Dataset:
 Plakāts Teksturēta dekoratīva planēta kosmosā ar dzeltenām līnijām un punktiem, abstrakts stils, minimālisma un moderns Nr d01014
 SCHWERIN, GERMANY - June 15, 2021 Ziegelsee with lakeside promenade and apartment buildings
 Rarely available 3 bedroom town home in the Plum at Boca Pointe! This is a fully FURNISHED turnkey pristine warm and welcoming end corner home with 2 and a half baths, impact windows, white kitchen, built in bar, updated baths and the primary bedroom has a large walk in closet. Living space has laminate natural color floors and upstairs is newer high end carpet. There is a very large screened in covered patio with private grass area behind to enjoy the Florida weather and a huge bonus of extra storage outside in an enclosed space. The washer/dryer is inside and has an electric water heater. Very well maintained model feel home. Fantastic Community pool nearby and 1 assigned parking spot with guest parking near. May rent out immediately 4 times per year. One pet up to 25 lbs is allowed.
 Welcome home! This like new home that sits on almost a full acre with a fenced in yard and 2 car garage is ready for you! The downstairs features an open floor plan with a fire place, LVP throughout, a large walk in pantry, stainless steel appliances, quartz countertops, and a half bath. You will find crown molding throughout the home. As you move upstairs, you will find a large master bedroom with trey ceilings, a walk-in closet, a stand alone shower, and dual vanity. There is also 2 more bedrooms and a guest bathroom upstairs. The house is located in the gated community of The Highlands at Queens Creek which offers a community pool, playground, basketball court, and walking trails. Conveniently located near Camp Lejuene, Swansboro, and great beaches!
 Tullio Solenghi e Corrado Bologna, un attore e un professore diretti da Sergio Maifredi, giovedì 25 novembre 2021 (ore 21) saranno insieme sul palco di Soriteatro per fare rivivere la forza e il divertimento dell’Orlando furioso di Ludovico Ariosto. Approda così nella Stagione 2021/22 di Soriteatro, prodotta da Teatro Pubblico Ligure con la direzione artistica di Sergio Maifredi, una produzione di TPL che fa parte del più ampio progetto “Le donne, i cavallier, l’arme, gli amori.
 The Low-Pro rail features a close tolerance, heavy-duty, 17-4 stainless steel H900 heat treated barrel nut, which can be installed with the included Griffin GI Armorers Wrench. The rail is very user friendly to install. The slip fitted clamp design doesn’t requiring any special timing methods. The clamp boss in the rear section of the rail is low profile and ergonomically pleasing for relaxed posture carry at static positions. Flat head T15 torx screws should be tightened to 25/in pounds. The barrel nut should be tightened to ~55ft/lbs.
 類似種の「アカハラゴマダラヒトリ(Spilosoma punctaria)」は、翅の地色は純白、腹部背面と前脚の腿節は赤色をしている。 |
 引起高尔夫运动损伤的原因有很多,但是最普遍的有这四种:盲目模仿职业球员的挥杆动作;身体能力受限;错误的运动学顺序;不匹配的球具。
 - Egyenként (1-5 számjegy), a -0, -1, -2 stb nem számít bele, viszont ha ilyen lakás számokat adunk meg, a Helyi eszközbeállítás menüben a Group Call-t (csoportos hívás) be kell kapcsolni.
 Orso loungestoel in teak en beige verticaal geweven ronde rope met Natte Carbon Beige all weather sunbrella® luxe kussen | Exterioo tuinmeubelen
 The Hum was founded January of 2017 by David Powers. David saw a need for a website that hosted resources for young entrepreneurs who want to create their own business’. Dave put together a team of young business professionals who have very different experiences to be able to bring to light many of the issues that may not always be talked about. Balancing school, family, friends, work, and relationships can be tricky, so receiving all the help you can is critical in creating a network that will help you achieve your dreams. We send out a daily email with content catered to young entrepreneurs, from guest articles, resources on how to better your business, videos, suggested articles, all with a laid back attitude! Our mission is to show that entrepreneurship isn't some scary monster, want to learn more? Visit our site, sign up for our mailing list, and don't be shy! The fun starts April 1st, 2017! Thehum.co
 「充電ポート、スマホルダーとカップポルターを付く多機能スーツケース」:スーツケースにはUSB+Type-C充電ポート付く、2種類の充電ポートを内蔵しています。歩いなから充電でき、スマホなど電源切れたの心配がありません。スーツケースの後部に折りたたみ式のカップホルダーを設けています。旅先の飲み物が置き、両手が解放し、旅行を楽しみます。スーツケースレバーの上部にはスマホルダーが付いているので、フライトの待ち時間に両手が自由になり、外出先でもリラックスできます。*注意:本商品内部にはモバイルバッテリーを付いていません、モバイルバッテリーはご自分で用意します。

What the exercise asks: What is the number of lines in the data holding the word "weather"? Reply with that number only.

Expected answer: 2